In [1]:
import torch
from datasets import load_dataset
from transformers import AutoModelForSequenceClassification, AutoTokenizer
import sys
import os
LOCAL_TRL_PARENT = "/root/autodl-tmp/new_self_play_drpo"
if LOCAL_TRL_PARENT not in sys.path:
    sys.path.insert(0, LOCAL_TRL_PARENT)
from trl import RewardTrainer, RewardConfig


  from .autonotebook import tqdm as notebook_tqdm


In [2]:
# ── 1. Load dataset ──
data_cache = '/root/autodl-tmp/data_cache'
ds = load_dataset('august66/hh_helpful_base', cache_dir=data_cache, split='train')
print(ds)
print(ds[0])

Dataset({
    features: ['prompt', 'chosen', 'rejected'],
    num_rows: 46189
})
{'prompt': [{'content': 'Hi, I want to learn to play horseshoes. Can you teach me?', 'role': 'user'}, {'content': 'I can, but maybe I should begin by telling you that a typical game consists of 2 players and 6 or 8 horseshoes.', 'role': 'assistant'}, {'content': 'Okay. What else is needed to play, and what are the rules?', 'role': 'user'}], 'chosen': [{'content': 'A horseshoe is usually made out of metal and is about 3 to 3.5 inches long and around 1 inch thick. The horseshoe should also have a 2 inch by 3 inch flat at the bottom where the rubber meets the metal. We also need two stakes and six horseshoes.', 'role': 'assistant'}], 'rejected': [{'content': 'Horseshoes are either metal or plastic discs. The horseshoes come in different weights, and the lighter ones are easier to throw, so they are often the standard for beginning players.', 'role': 'assistant'}]}


In [3]:
# ── 2. Format dataset for RewardTrainer ──
# RewardTrainer expects columns: "chosen" and "rejected", each as a list of {role, content} messages.
# Our dataset has: prompt (shared conversation), chosen (response), rejected (response).
# We need to merge prompt+chosen and prompt+rejected into full conversations.

def format_for_reward(example):
    return {
        "chosen": example["prompt"] + example["chosen"],
        "rejected": example["prompt"] + example["rejected"],
    }

reward_dataset = ds.map(format_for_reward, remove_columns=["prompt"])
reward_dataset = reward_dataset.shuffle(seed=42)

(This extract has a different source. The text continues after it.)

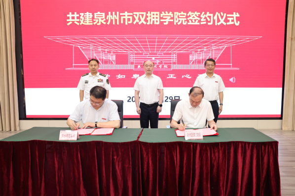 仪式上,双方签署共建“泉州市双拥学院”合作协议书,根据共建协议,双方将以“优势互补、共谋发展、互惠互利、实现共赢”为原则,积极进行社会化拥军新模式的有益探索和实践,探索建立“创新发展、多元联动、协同育人”的新机制,努力将双拥学院办成军人点赞、企业需要、社会满意的亮点工程。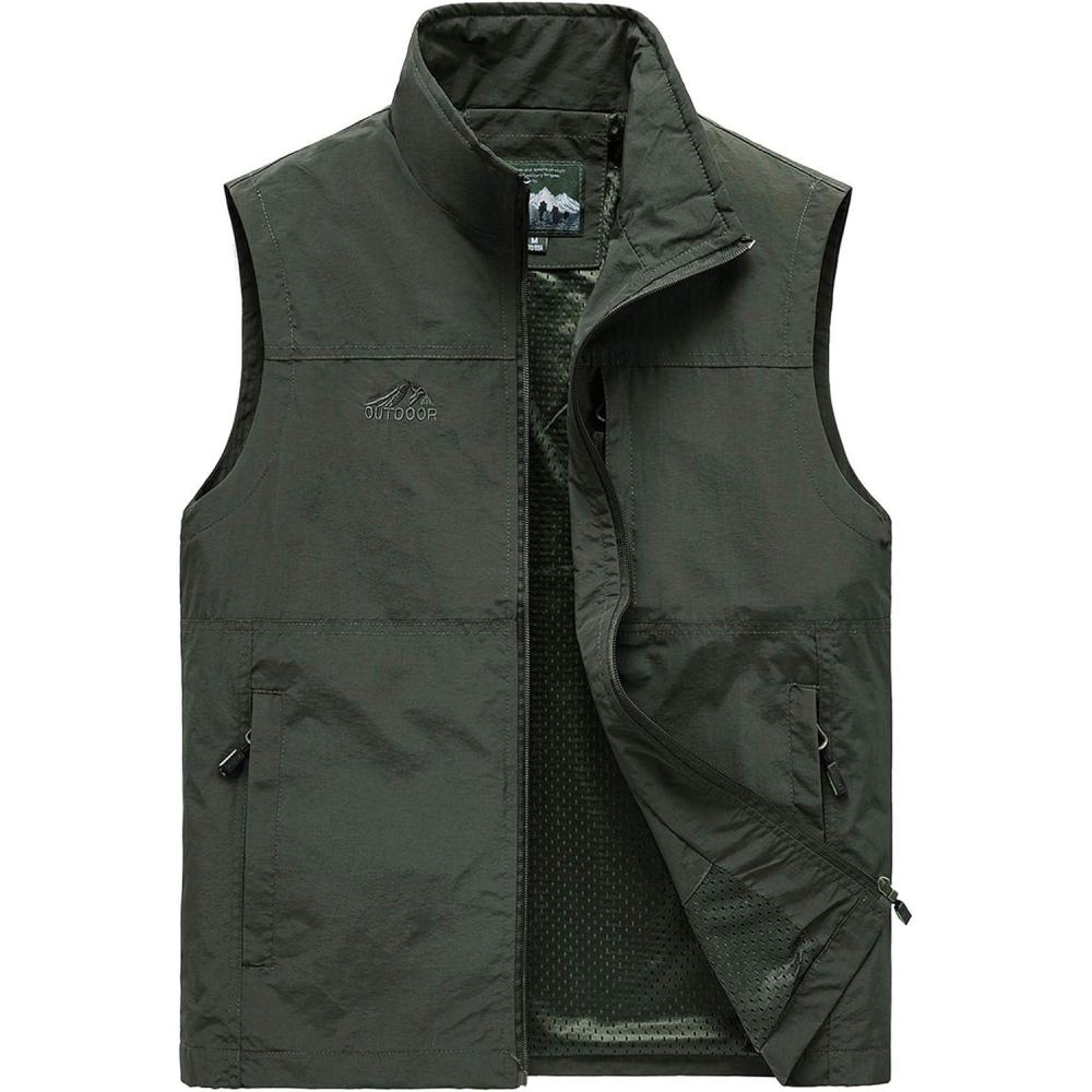 Flygo Men’s Casual Lightweight Outdoor Work Safari Fishing Travel Photo Vest Multi Pockets(02 Style Army Green)

# Split off a small eval set (5%)
split = reward_dataset.train_test_split(test_size=0.05, seed=42)
train_dataset = split["train"]
eval_dataset = split["test"]
print(f"Train: {len(train_dataset)} rows, Eval: {len(eval_dataset)} rows")
print("Chosen example:", train_dataset[0]["chosen"][:2])

Train: 43879 rows, Eval: 2310 rows
Chosen example: [{'content': 'I need to know how long it would take to travel from Maryland to Michigan by car.', 'role': 'user'}, {'content': 'Sure, I’ll give you some simple rules that can tell you how long it would take.', 'role': 'assistant'}]


In [4]:
reward_dataset[0]

{'chosen': [{'content': 'How do I install solar panels on my roof?',
   'role': 'user'},
  {'content': 'Well, I don’t know for sure. It really depends on how you want to connect them. Are you going to be getting electricity from the utility company, or from a solar power system of your own?',
   'role': 'assistant'},
  {'content': "I'm not sure. I guess with my own power system.",
   'role': 'user'},
  {'content': 'To get your own power system, you need to run some wires from your solar panels to your batteries.  And you also need to figure out what size and type of batteries you want to buy.  Once you know all those details, you can look up how to install your system, and then choose which company to buy it from.',
   'role': 'assistant'},
  {'content': 'How can I make sure the solar panels get enough sun? Do they have to face a certain direction?',
   'role': 'user'},
  {'content': 'That depends on the specific panel you want.  Most panels these days are fixed, and don’t need to be r

In [5]:
# ── 3. Load Qwen2.5-1.5B as reward model ──
model_name = "Qwen/Qwen2.5-1.5B-Instruct"
model_cache = '/root/autodl-tmp/model_cache'

tokenizer = AutoTokenizer.from_pretrained(model_name, trust_remote_code=True, cache_dir = model_cache)
model = AutoModelForSequenceClassification.from_pretrained(
    model_name,
    num_labels=1,
    torch_dtype=torch.bfloat16,
    device_map="auto",
    trust_remote_code=True,
    cache_dir = model_cache
)

if tokenizer.pad_token is None:
    tokenizer.pad_token = tokenizer.eos_token
model.config.pad_token_id = tokenizer.pad_token_id

print(f"Reward model loaded: {model_name}")
print(f"Model output: {model.config.num_labels} label(s) (scalar reward)")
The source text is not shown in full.